Quantized KV Cache¶
Overview¶
In DiT-based image and video generation, Flash Attention can take a large share of denoising time, especially for high-resolution or long-frame workloads. vLLM-Omni supports online FP8 quantization for eligible diffusion Flash Attention (FA) to reduce FA latency while keeping model weights in their original dtype.

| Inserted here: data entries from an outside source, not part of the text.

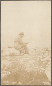 Shows Welch sitting on a rock at Hymettus. Handwritten caption: “Hymettus 8. 5. 21”. Another handwritten caption, by Helen Waterhouse, says "Uncle Welch"
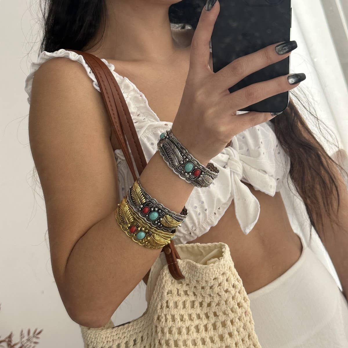NEW RETRO OVAL TURQUOISE BRACELET FOR WOMEN
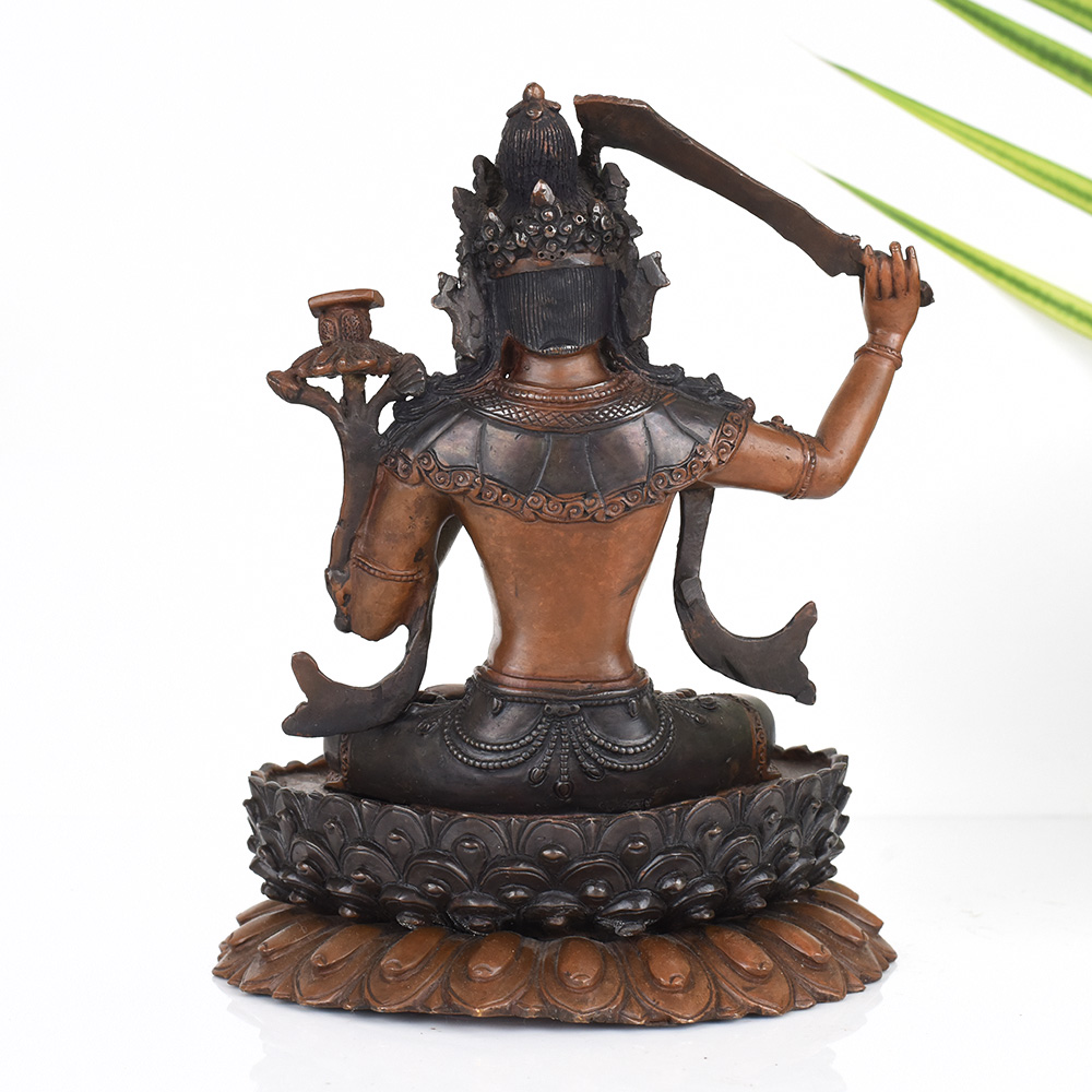 Manjushri, the "Gentle Glory," is revered across the Tibetan Buddhist world as the personification of transcendent wisdom. This vintage copper statue captures his essence, radiating an aura of profound insight and clarity. As you gaze upon his tranquil features, you'll feel a sense of inner calm and focus wash over you, helping to quiet the mind and open you to deeper spiritual understanding. Place this stunning Manjushri statue in your prayer room or meditation space to cultivate wisdom, discernment and the courage to cut through illusion. Its grounding presence will inspire you to deepen your practice, whether through seated contemplation, mantra recitation or study of the Dharma. Invite the blessings of this enlightened being into your life and experience the transformative power of his celestial energy.

This feature is configured through diffusion_kv_cache_dtype on OmniDiffusionConfig (CLI: --diffusion-kv-cache-dtype). It is intentionally not the same as vLLM's --kv-cache-dtype, which controls autoregressive language-model KV cache storage and defaults to "auto". Diffusion FA quantization uses the dedicated diffusion flags so omni serve does not inherit that default.
In vLLM-Omni diffusion pipelines, this is a runtime FA path: Q/K/V tensors are dynamically quantized before the attention operator. It does not quantize model weights and is separate from FP8 W8A8, Int8 W8A8, or pre-quantized checkpoint formats.

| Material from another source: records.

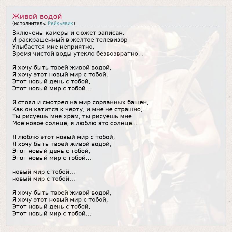 Включены камеры и сюжет записан. И раскрашенный в желтое телевизор Улыбается мне неприятно, Время чистой воды утекло безвозвратно… Я хочу быть твоей живой водой, Я хочу этот новый мир с тобой, Этот новый день с тобой, Этот новый мир с тобой… Я стоял и смотрел на мир сорванных башен, Как он катится к черту, и мне не страшно, Ты рисуешь мне храм, ты рисуешь мне Мое новое солнце, я люблю это солнце… Я люблю этот новый мир с тобой, Я хочу быть твоей живой водой, Этот новый день с тобой, Этот новый мир с тобой… новый мир с тобой… новый мир с тобой… Я хочу быть твоей живой водой, Я хочу этот новый мир с тобой, Этот новый день с тобой, Этот новый мир с тобой…
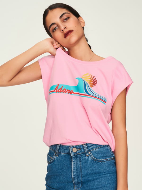 T-shirt rose avec impression colorée de Idano
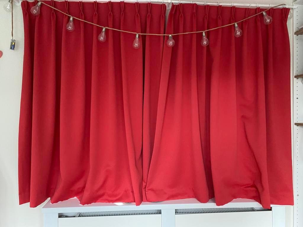 Mooie gordijnen te koop in mooie rood/roze kleur. Ze zijn ongeveer 148x110 per gordijn en hebben een dubbele plooi. Wie kunnen we er blij mee maken?
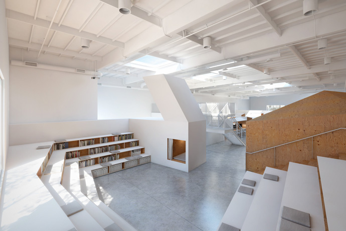 一组书架与组合的在阶梯的场所的结果形式书竞技场,它具有双重功能,可作为办公室范围内会议的储物空间和座位。#现代办公室装修设计#
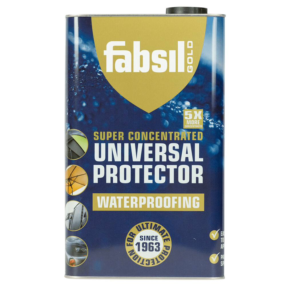Universal Protector Gold de Grangers, qui imprègne les sacs à dos ou tout autre tissu de grande taille. Séchage rapide, incolore, inodore. 1 litre couvre jusqu'à 18 m2 de nylon, 7,5 m2 de tissu léger et 5 m2 de tissu de poids moyen.
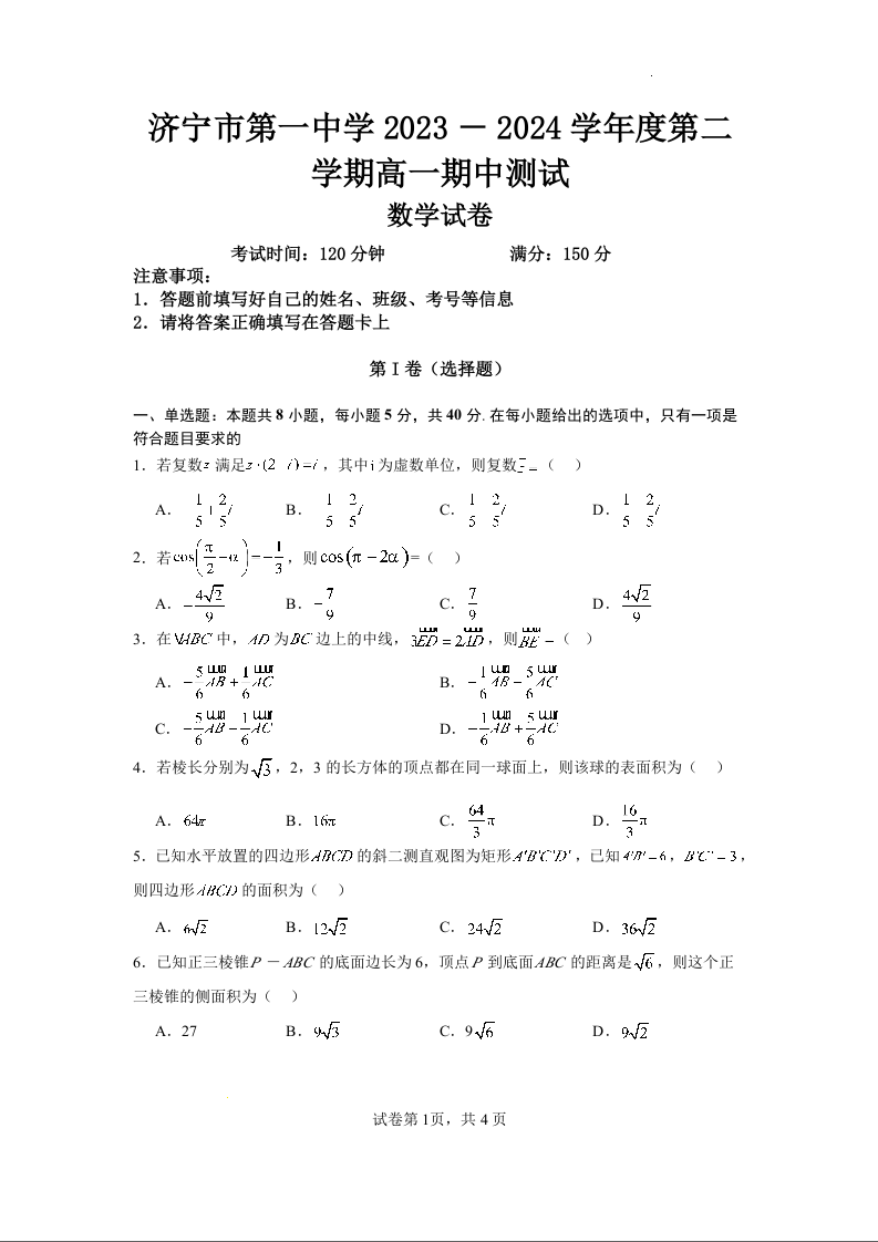 山东省济宁市第一中学2023-2024学年高一下学期5月期中测试数学
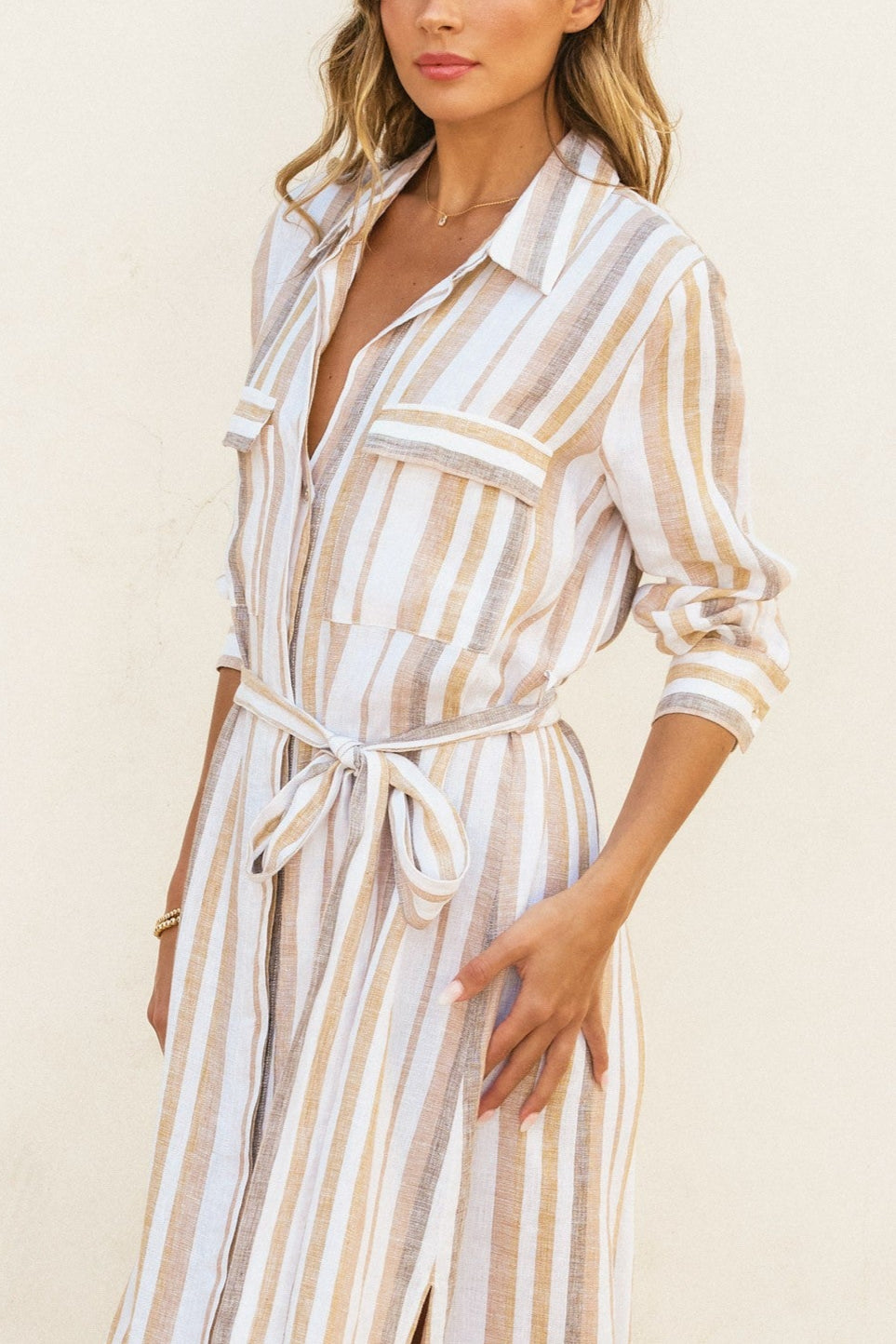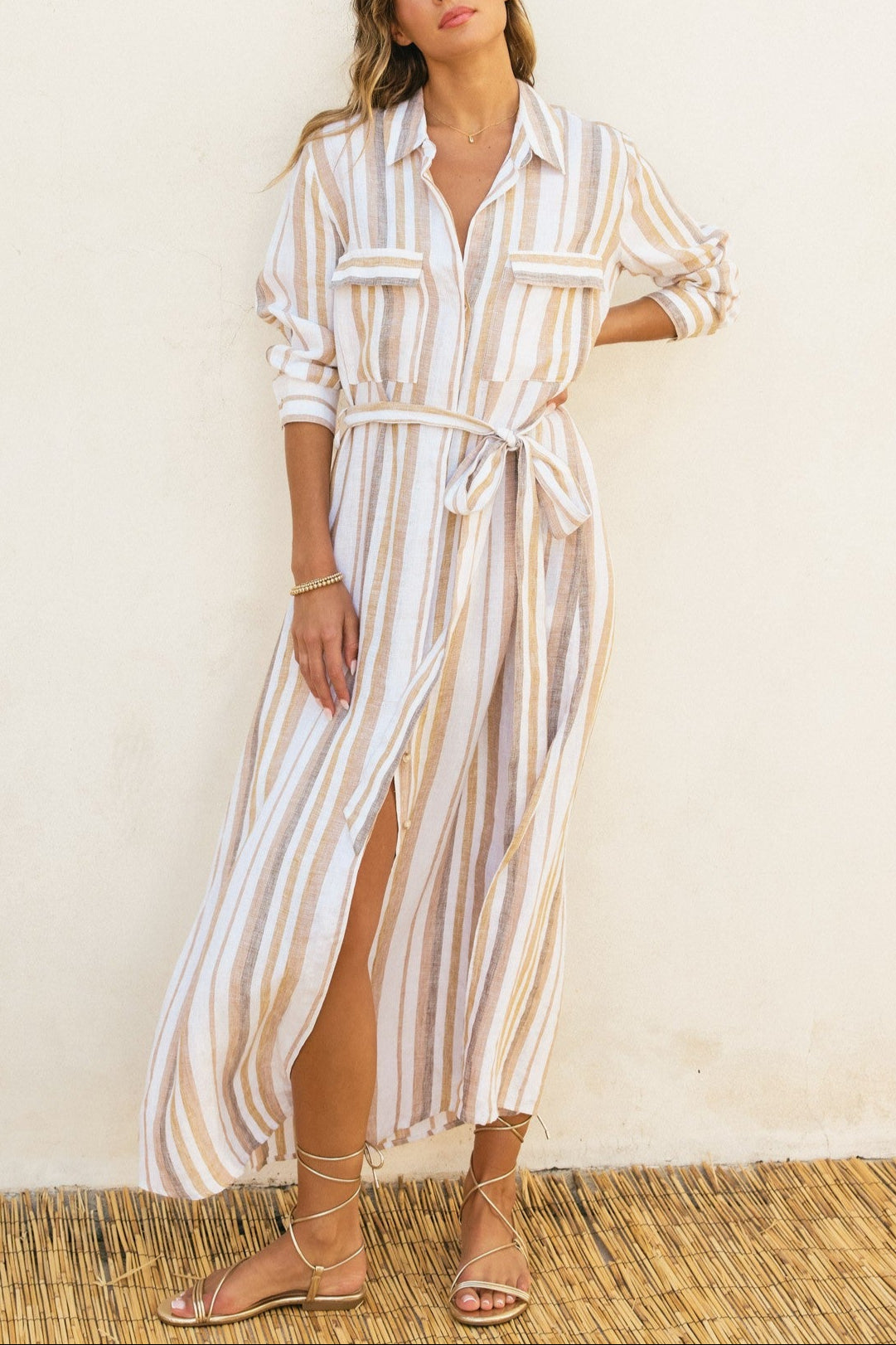collared | shirt dress | front hidden button closures | removable sash belt | front chest flap pockts | side inseam pockets | side slits | unlined

If diffusion_kv_cache_dtype is not set, behavior is unchanged and attention runs in the native dtype.
Hardware Support¶
| Device | FP8 FA |
|---|---|
| Ascend NPU | ✅ |
| NVIDIA GPU | ❌ |
| AMD ROCm | ❌ |
| Intel XPU | ❌ |
Legend: ✅ supported, ❌ unsupported.
FP8 FA is currently implemented only for the NPU Flash Attention backend. Other backends do not support diffusion_kv_cache_dtype="fp8" for diffusion attention and fall back to native dtype execution.
Model Type Support¶
Diffusion Model¶
| Model | Scope | Status | Notes |
|---|---|---|---|
| Wan2.2 | Eligible DiT full-attention FA on Ascend NPU | Tested | Compare quality and latency against a BF16 baseline before production use |
| Other diffusion models | Eligible DiT full-attention FA on Ascend NPU | Not tested | You can try diffusion_kv_cache_dtype="fp8"; tune diffusion_kv_cache_skip_steps and diffusion_kv_cache_skip_layers when higher precision is needed |
Multi-Stage Omni/TTS Model (Qwen3-Omni, Qwen3-TTS)¶
Not tested for FP8 FA. Treat any use as experimental unless a model-specific guide documents support.

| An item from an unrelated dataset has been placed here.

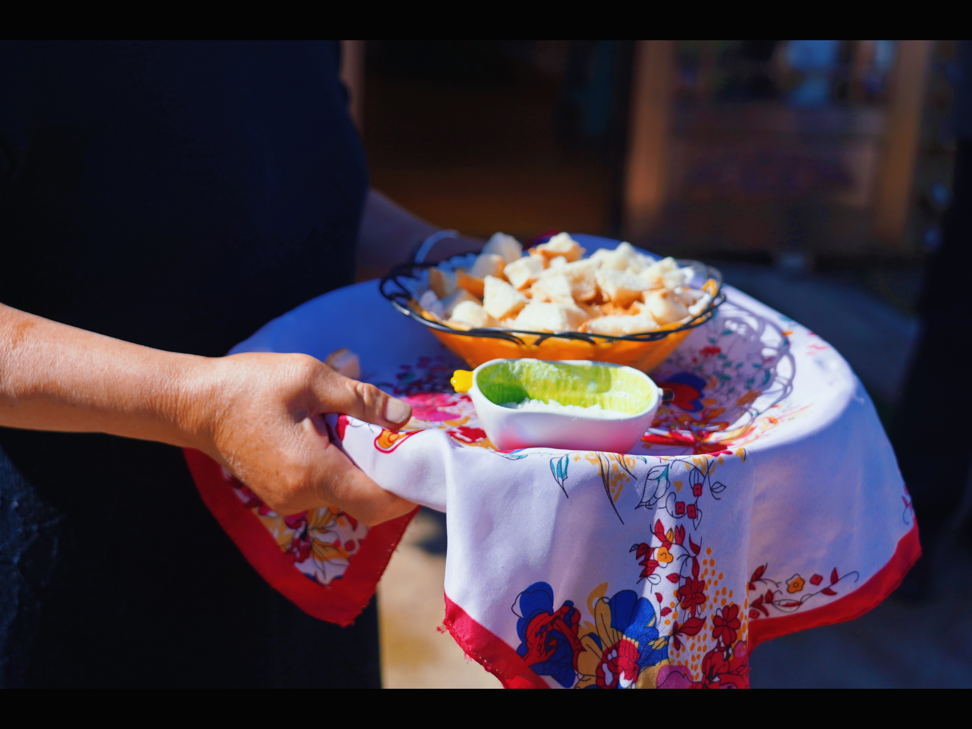 在这里,我们拜访了俄罗斯族家庭,品尝了主人家自制的俄式面包“列巴”和蓝莓酱,听他们讲述家族历史,听他们现场拉手风琴演唱俄语歌曲《喀秋莎》,最后还一起玩了他们的彩蛋游戏。

Multi-Stage Diffusion Model (BAGEL, GLM-Image)¶
Not tested. If the diffusion stage uses the same NPU Flash Attention backend, diffusion_kv_cache_dtype may apply in theory; validate quality and latency for each stage and model.
Configuration¶
Offline diffusion example:
python examples/offline_inference/image_to_video/image_to_video.py \
--model <your-wan2.2-model> \
--prompt "A cat sitting on a surfboard at the beach" \
--height 1280 \
--width 720 \
--num-frames 61 \
--num-inference-steps 4 \
--ulysses-degree 4 \
--vae-patch-parallel-size 4 \
--diffusion-kv-cache-dtype fp8 \
--diffusion-kv-cache-skip-steps "0,1" \
--diffusion-kv-cache-skip-layers "0-2"
Online serving:
Stage config:
stage_args:
- stage_id: 0
stage_type: diffusion
engine_args:
model_stage: dit
diffusion_kv_cache_dtype: "fp8"
diffusion_kv_cache_skip_steps: "0,1"
diffusion_kv_cache_skip_layers: "0-2"
Legacy YAML keys kv_cache_dtype, kv_cache_skip_steps, and kv_cache_skip_layers are still accepted when constructing OmniDiffusionConfig (for example via from_kwargs); prefer the diffusion_* names for new configs.
Parameters¶
| Parameter | Type | Default | Description |
|---|---|---|---|
diffusion_kv_cache_dtype | str | None | None | Set to "fp8" to enable dynamic FP8 FA on supported attention backends |
diffusion_kv_cache_skip_steps | str | None | None | Denoising step selector to keep in native dtype, for example "0,1,4-6" |
diffusion_kv_cache_skip_layers | str | None | None | Transformer layer selector to keep in native dtype, for example "0-2,10" |
Selectors use comma-separated integers and inclusive ranges. Listed steps or layers skip FP8 FA; all other eligible full-attention forwards use the FP8 path.
Validation and Notes¶
- Compare generated images or videos against a BF16 baseline with the same seed, prompt, resolution, frame count, and denoising steps.
- Use
diffusion_kv_cache_skip_stepsfor denoising steps where quality is more sensitive. - Use
diffusion_kv_cache_skip_layersfor transformer layers that show visible quality regressions. - Report both latency and quality results when enabling this option for a new model. For image or video models, include visual comparison and quantitative metrics when available, such as PSNR or SSIM.